インタビューを通じて、この祭りの根底にあるのは「強者への怒り」だと感じました。アシリレラさんの胸の内には、アイヌ民族がたどってきた歴史が政治によってうやむやにされていることへの深い怒りがありました。国が認定する教科書には決して載らないアイヌの歴史を、きちんと語り継がなければならないという使命感が強く伝わってきました。34年間続けているのは「おかしなものには、おかしいと言う」と言う、活動家としての深い自覚があるからでしょう。

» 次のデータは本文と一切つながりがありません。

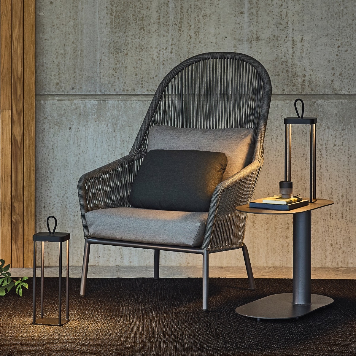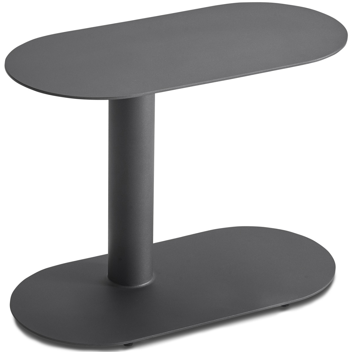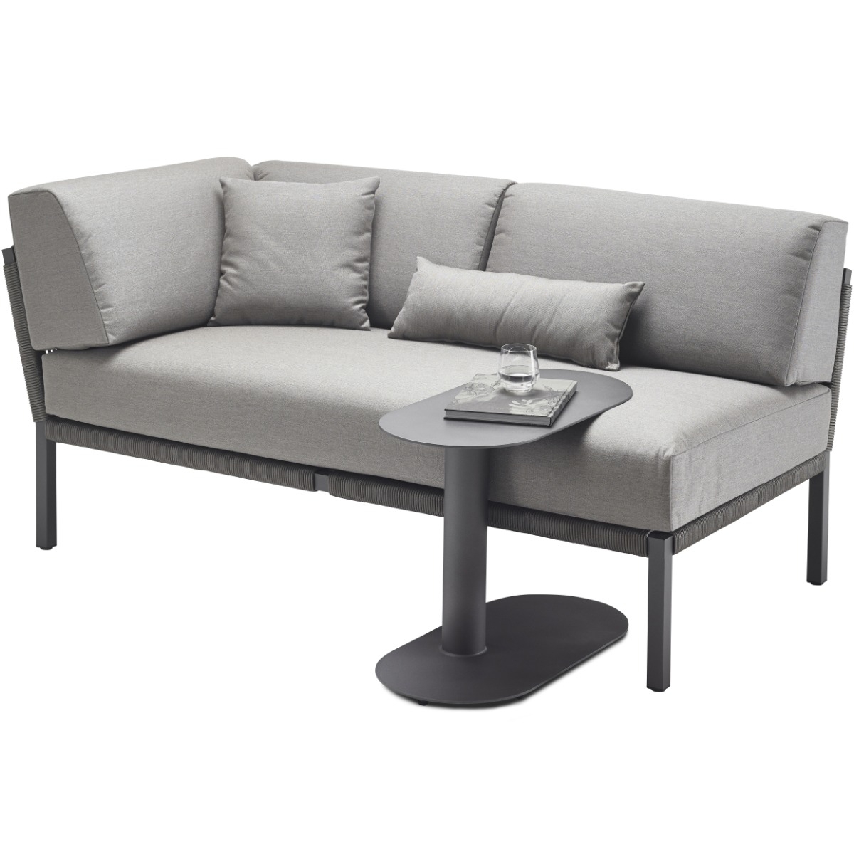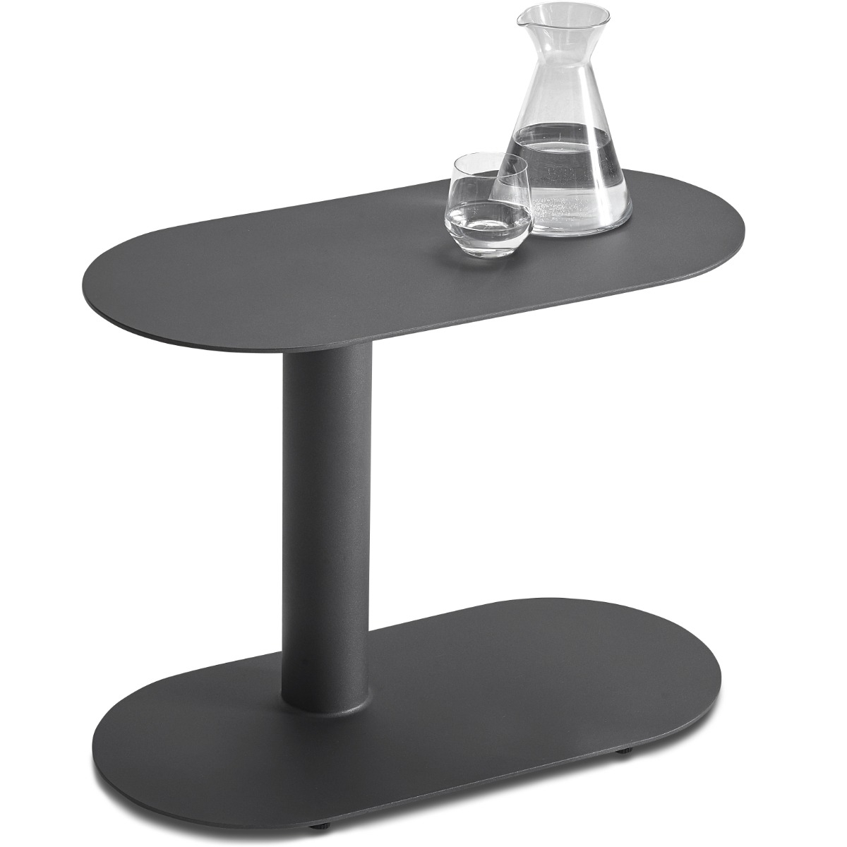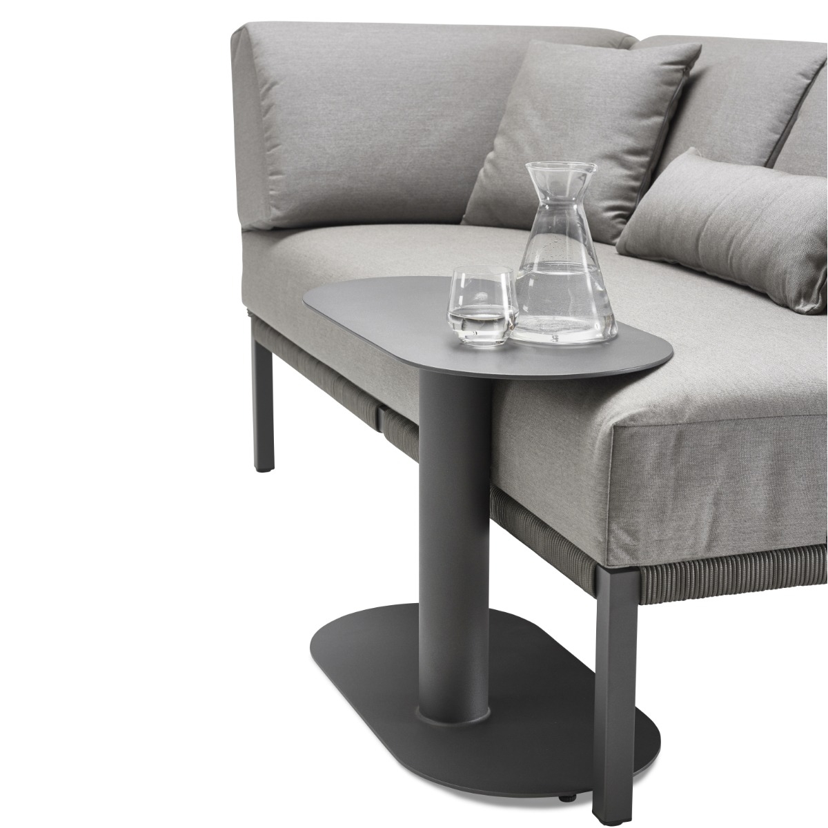 Durch die offenen Seiten kann dieser Beistelltisch aus anthrazit beschichtetem Aluminium bei einzelnen Sofas aber auch kombiniert mit großen Loungegruppen eingesetzt werden.

しかし「強者への怒り」だけでは人はついてこないはずです。レラさんから同時に感じたのは「弱者への優しさ」でした。会場にはいわゆる在日朝鮮人の方、インド系の顔つきをしてる方、生まれつき容貌が特徴的な方、学校に行けていない子供など、社会的に弱い立場に置かれている多様な方が集まっていました。レイさんは毎晩22時くらいまでそうした方々のライブを、最後まで椅子に腰掛けて見ていました。慈しむような表情でした。その表情を見ながら「強者への怒り」と「弱者への優しさ」の2つがこの祭りが人を惹きつける吸引力になっているのだと感じました。
「怒りがあるからこそ、優しくなれる」。レラさんの姿を見て私はこのことを学びました。自分は何に対して怒るのか、どうしても許せないことは何か、このことを自覚することが人を惹きつける強く優しいリーダーになるために大切なことなのでしょう。